L`opposition syrienne unie réclame un "changement national démocratique"

LE MONDE [17 octobre 2005]

InfoPour la première fois en Syrie, des partis et des personnalités arabes et kurdes d'obédiences politiques diverses viennent de se retrouver autour d'une plate-forme commune, dont l'appellation ­ "Déclaration de Damas pour le changement national démocratique" ­ annonce la couleur : l'objectif de la vingtaine de formations et personnalités signataires est le changement de régime par les voies "pacifiques et démocratiques", dans le but d'instaurer un "Etat de droit" . Les autorités les ayant empêchés d'annoncer leur alliance dans une conférence de presse, les signataires ont diffusé l'information, dimanche 16 octobre, sur un site Internet.Le pouvoir syrien aura du mal à crier à la manipulation ou à l'ingérence étrangère dans la mesure où les signataires ont derrière eux une longue histoire de lutte politique nationale qui leur a valu de ne pas être légalisés voire, pour certains d'entre eux, d'être emprisonnés. La direction exilée de l'association syrienne des Frères musulmans a aussitôt adhéré à la "Déclaration de Damas", dans un communiqué publié sur son site Internet.

A l'heure où le pouvoir syrien est mis en cause pour son ingérence au Liban et son soutien présumé aux insurgés et aux terroristes en Irak ­ ce dont il se défend ­, cet appel intérieur à des "changements radicaux" qui ne soient pas "de pure forme" accentue la pression sur le pouvoir.

L'appel à tous les partisans du changement au sein de la société et de la classe politique, y compris dans le giron du pouvoir, pour faire passer le pays de la "formule de l'Etat sécuritaire à celle de l'Etat politique", est dicté par l'urgence face "aux dangers sans précédent" qui guettent la Syrie, écrivent les auteurs.

LARGE COALITION

Ils dénoncent "le monopole du pouvoir" exercé depuis plus de trente ans par un régime "hégémonique, totalitaire et factieux" dont les politiques, qualifiées de "destructrices, aventureuses et à courte vue", ont entraîné un "isolement étouffant" au plan arabe et régional et une désaffection populaire pour la chose publique, des crises de plus en plus graves et le risque d'un effondrement économique.

Les signataires, qui vont du Rassemblement national démocratique ­ dont fait partie le Parti du peuple (ex-Parti communiste) du célèbre opposant Riad Turk ­ au député en détention Riad Seïf et à l'activiste des droits de l'homme Haïtham Al-Maleh, en passant par les sept partis représentant la minorité kurde et le chef religieux sunnite très respecté Jaoudat Saïd, se proposent d'instaurer "pacifiquement, progressivement, par le dialogue, l'entente et la reconnaissance de l'autre", un régime "démocratique", condition indispensable du changement.

Ils rejettent tout esprit totalitaire, toute violence en politique et toute hégémonie partisane, s'engagent à respecter la liberté et la souveraineté du peuple, bref à construire un "Etat moderne, fondé sur un nouveau contrat social", issu d'une nouvelle Constitution élaborée par une Assemblée constituante.

Ils prônent le multipartisme, l'octroi à la minorité kurde opprimée (1,5 million de personnes) de la citoyenneté pleine et entière, à égalité avec toutes les composantes de la société.
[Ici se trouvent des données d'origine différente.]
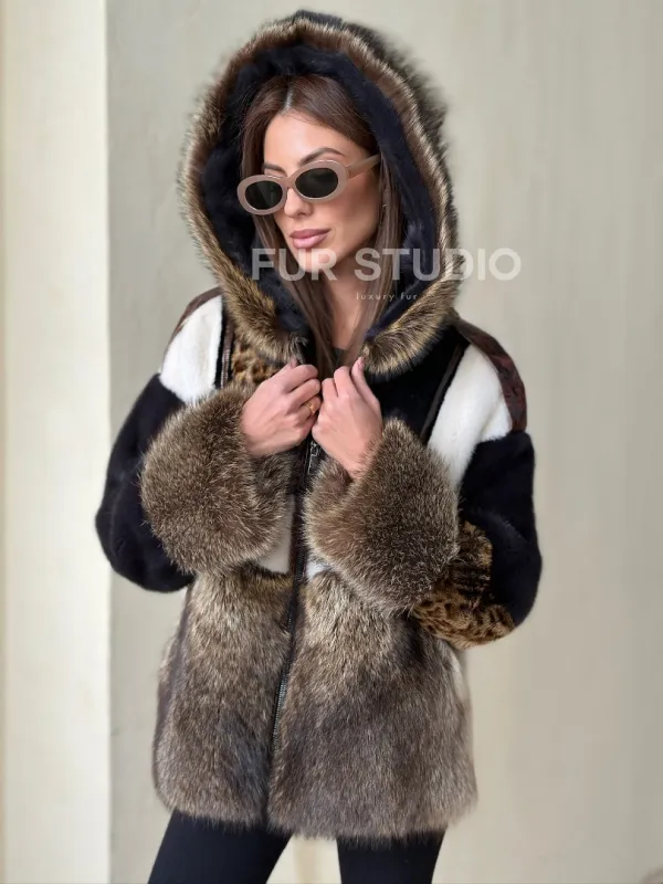 Комбинированная норковая куртка с капюшоном 100725

L'islam étant "la religion de la majorité" des citoyens, il est qualifié de "constituant cultuel principal", toutes les autres composantes cultuelles et religieuses du pays devant être respectées.

Dans le but de parvenir à la plus large coalition possible de forces sociales politiques et syndicales désireuses de changement, les signataires précisent que ces lignes directrices sont ouvertes à la critique et à la discussion.